I turned my head to look over at him as I sat hunched over resting for my next sparring partner. “I thought I did just that. I guess I was wrong.”
He hesitated for a few seconds and shook his head. “What happened? Why does he want you back here fighting after two years away?”
Shrugging, I tried to pretend like I didn’t know what this whole thing was for Robert. I knew, though. This was his way of showing me how unworthy I was to have Serena. He wanted her to see I was nothing but that stray he brought home two years ago, and no matter how well I cleaned up or how well I seemed to fit in with his world, I was still less than an Erickson.
Even though he insisted on referring to me as his adopted son from time to time.
“Maybe he thinks I get better with age,” I said with a fake smile and hoped to convince Floyd I wasn’t scared half out of my fucking mind at what I’d face in tomorrow night’s fight.
“Yeah. Maybe,” Floyd said with the same forced joking tone in his voice.
Our conversation over, I hung my head and closed my eyes as I focused on the hope I’d seen in Serena’s eyes every time I told her everything would be fine. She asked at least once a day, and each time I pulled her close to me and kissed the top of her head so I wouldn’t have to face her when I lied.
Everything wasn’t going to be fine. Far from it. If I was lucky, I might make it out of this fight as badly hurt as when Robert had me beaten that day in his office. If I wasn’t, I’d be looking at a nice stay in the hospital or worse.
Shaking my head, I tried to clear my mind of the worse.
“You know, Ryder, I didn’t want to find that guy for him,” Floyd said in a low voice. “I didn’t have a choice.”
His words came out slowly, like he didn’t want to say them. I didn’t blame him or anyone but Robert for that fight. Floyd wasn’t lying when he said he didn’t have a choice.
None of us did in Robert Erickson’s world.
Looking over at Floyd, I saw what he had to do still bothered him after all this time. “You were just doing your job, man.

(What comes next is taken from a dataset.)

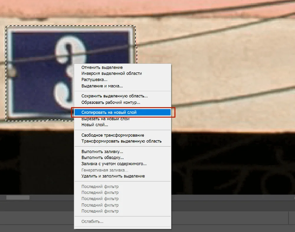 Кликаем по «Быстрому выделению» и выбираем табличку. Затем нажимаем по ней правой кнопкой мыши и далее по функции «Скопировать на новый слой».
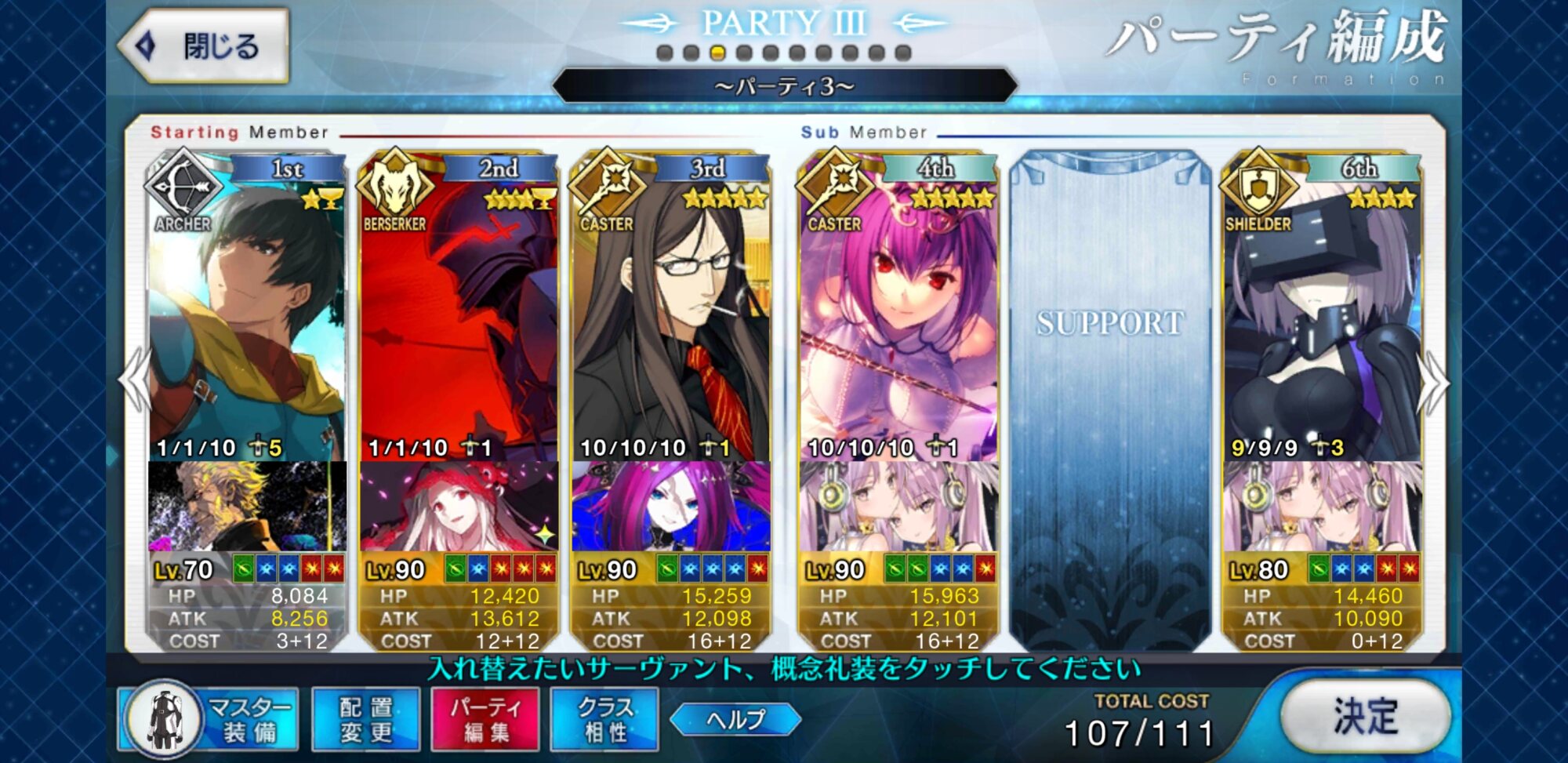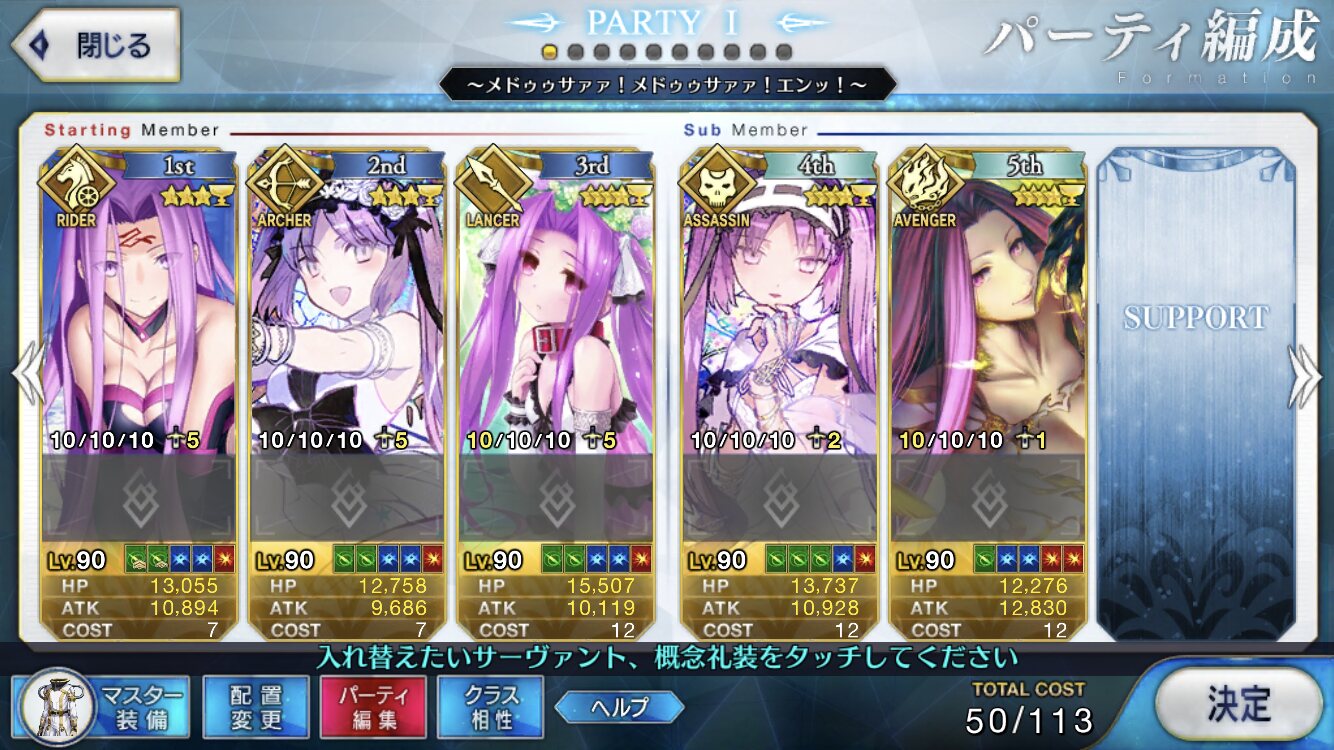 回復は持ってないので、長期戦なら玉藻やアンデルセンと組ませてAパで運用するのがお勧めだけど、どんなパーティでも戦力の底上げができるので弓以外なら組み込みやすいと思う。特に術サポーターを出しにくい対騎にだせるサポーターなのは大きいと思う

We all have our roles to play, and that was yours. No hard feelings. Hell, I went to work for the guy after that, so I guess I must have been okay with things with him too.”
A look of confusion settled into Floyd’s face. “Yeah, why did you? Did you still owe him something?”
I thought back to that day when the doctor said I could leave the hospital and remembered thinking I had nowhere to go. I couldn’t come back here to the warehouse since Robert owned that, so where could I go and what would I do for money? I doubted he’d be willing to let me fight for anyone else.
Those realities didn’t leave me with many options. I could go back onto the streets and deal with the addicts and homeless I’d be stuck living with in the shadows. I’d done that before Floyd helped me out with the room in the warehouse, so I could have chosen that.